As shown in the left panel of
Figure 8, the SHAP summary visualization reveals both the magnitude and direction of feature contributions. This representation enables validation of whether model attention aligns with physically meaningful indicators and assists in diagnosing potential bias or over-reliance on spurious correlations. Through feature-level attribution, the proposed framework improves transparency and strengthens confidence in automated monitoring outputs.
2.4.2. Interaction Interpretability via Graph Attention Mechanisms
While feature attribution reveals individual parameter effects, gas kick evolution is inherently governed by interactions among hydraulic, mechanical, and thermodynamic variables. To capture interpretability at the system level, the proposed graph neural model leverages attention mechanisms that assign adaptive importance weights to edges representing parameter dependencies.
During training, attention coefficients regulate message passing among nodes and reflect the relative influence of neighboring parameters on representation updates. Analysis of these learned coefficients enables identification of dominant interaction pathways that contribute to anomaly detection. For example, pressure–flow coupling or fluid–gas response relationships can be revealed through elevated attention intensity.
The right panel of
Figure 8 visualizes the learned attention distribution as an interaction heatmap, illustrating structural dependencies discovered by the model. Unlike post hoc explanations, this interpretability is embedded within the learning process and reflects the internal reasoning of the graph representation itself.

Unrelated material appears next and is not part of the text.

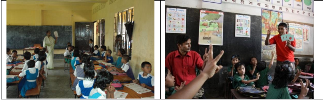
Change: engaging all the senses to learn through visual and audio resources

Consequently, attention-based inspection provides insights into disturbance propagation patterns and system-level deviation formation that precede observable anomalies.
By integrating SHAP attribution and attention-based structural inspection, the proposed framework establishes multi-granular interpretability across feature and interaction domains. This dual-perspective transparency facilitates engineering validation, supports trustworthy deployment, and enhances the practical applicability of graph-based gas kick monitoring in real-world drilling operations.